# EXERCISE:
Starting at the line that contains "2021年一季度實(shí)", transcribe each line exactly through the end of the data below, and skip any pictures.
── SUPPLIED INFORMATION ──
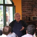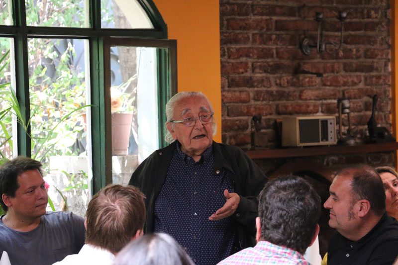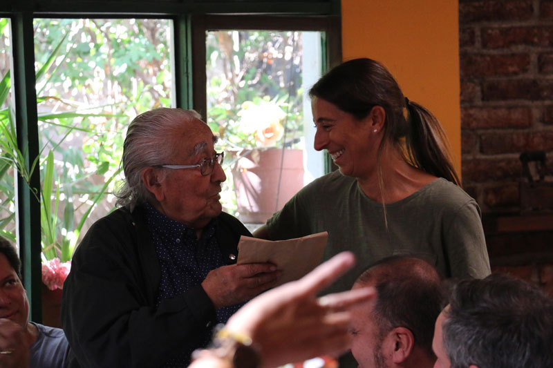 El pasado 29 de marzo la Facultad de Arquitectura y Diseño realizó su tradicional Encuentro de Egresados, pero esta vez con una novedad: un homenaje al profesor Sergio Miranda –uno de los docentes fundadores de la Facultad- quien cumplirá 90 años. Es por esto que se invitó sólo a las 10 primeras generaciones de Arquitectos y Diseñadores, quienes llegaron hasta el restoran Doña Tina de Lo Barnechea a reencontrarse con sus ex compañeros y docentes.En el encuentro, el decano de la Facultad dirigió unas palabras al profesor Miranda, agradeciendo su labor y dedicación como fundador de la Facultad. Posteriormente, la directora de la Escuela de Arquitectura, Magdalena Sierra, le entregó un regalo en presentación de la Facultad.
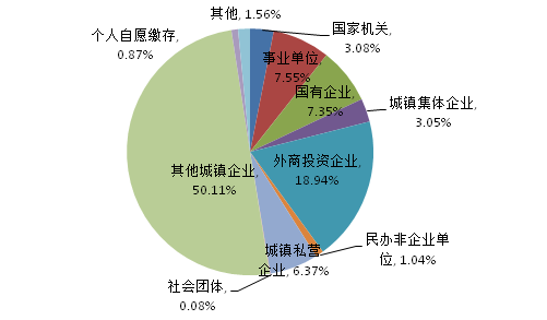 2021年一季度實(shí)繳職工數(shù)按不同性質(zhì)單位分類占比圖
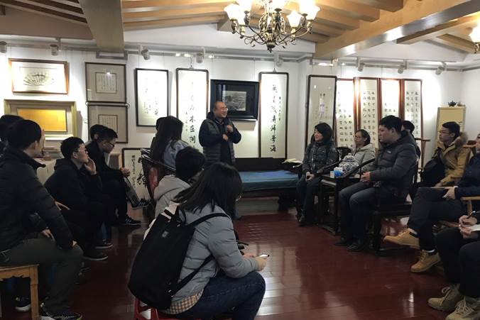 11月15日晚7点,第9期“真人图书馆”在书院门国根笔庄书香四溢的陈列室中拉开序幕,二十余位老师和同学一起认真聆听了雷亿锋掌柜关于文房四宝的讲解。活动由户外露出
───
# YOUR RESPONSE:
 2021年一季度實(shí)繳職工數(shù)按不同性質(zhì)單位分類占比圖
 11月15日晚7点,第9期“真人图书馆”在书院门国根笔庄书香四溢的陈列室中拉开序幕,二十余位老师和同学一起认真聆听了雷亿锋掌柜关于文房四宝的讲解。活动由户外露出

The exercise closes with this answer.